Virtually everyone who is a parent has had the experience of taking a car trip with their family and hearing, seeminginly endlessly, from the backseat of the car, “Are we almost there yet?” The first asking of the question can occcur as little as ten or fifteen minutes after leaving the house and can be asked with astonishing (and, admit it, irritating) frequency, yielding such responses as “we’ll be there in five minutes less time than the last time you asked.”

In today’s first Mass reading from the Book of Isaiah, God says, “But a very little while, and…the deaf shall hear the words of a book; and out of gloom and darkness, th eyes of the blind shall see. The lowly will every find joy in the Lord, and the poor rejoice in the Holy One of Israel.” “A very little while”, God promised. Hmm. The Book of Isaiah was written about 700 years before the birth of Christ. One can only imagine how many times over the months…the years…the decades, the people asked, “Is it almost here yet? Are the blind going to see soon?” A “very little while” turned out to be a lot of years.

Likewise, Jesus promised his followers that he would come again. And although he didn’t tell them it would be in a very little while, some of the things he said to them led them to think that the Second Coming would occur during their lifetimes. So you can imagine them too asking each other, “Is He coming soon? Will he be here in a little while?”

However one measures it – even granting that our idea of time and God’s are not quite the same, more than a little while has past and we are still waiting. In the words of one of the Mass Prefaces for Advent, “we watch for the day, hoping that the salvation promised us will be ours when Christ our Lord will come again in his glory.” And, although I understand that some are predicting the Jesus will arrive on Mary 21, 2011, the truth is the we do not know the day or hour of His coming.
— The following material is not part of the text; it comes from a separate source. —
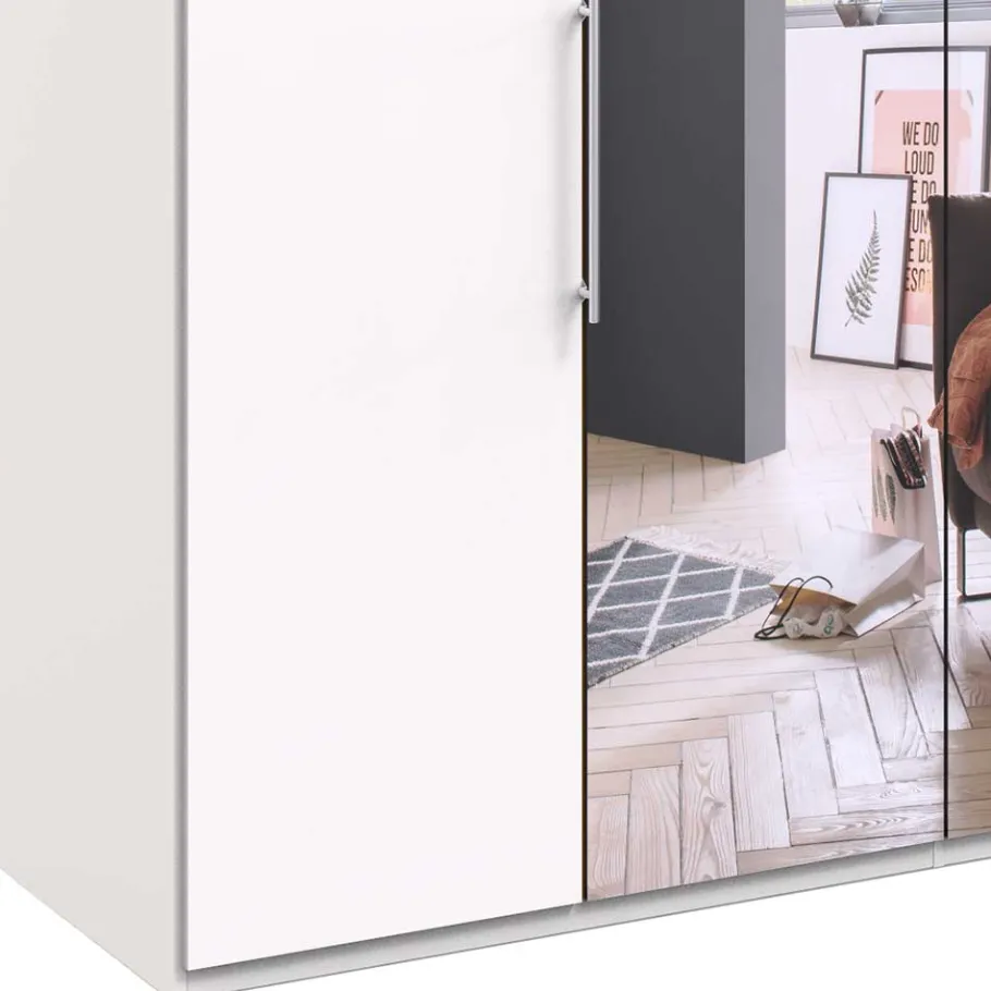 Die zwei Panorama-Falttüren, welche eine Vier-Türen-Optik simulieren, sind ein Highlight in Sachen Design und Funktionalität. Sie gleiten sanft nach vorne und bieten einen komfortablen Zugang zum Innenraum, ohne zusätzlichen Platz zu beanspruchen. Ausgestattet mit Ganzkörperspiegeln aus Parsol-Bronze in den mittleren Türfronten, erleichtern sie nicht nur die tägliche Outfitwahl, sondern lassen Räume größer und heller erscheinen.

And so we watch and we wait – not only during this Advent season, but every day. Our waiting, though, is an active waiting, not a passive one. We don’t just sit in the back seat of the car asking, “Is we there yet?” Instead, we work, each in our own way, to birth Christ into the world, to leaven the world with God’s presence. And if we take that charge seriously, we won’t really have time to worry about when Christ is coming. We’ll be ready whenever He comes.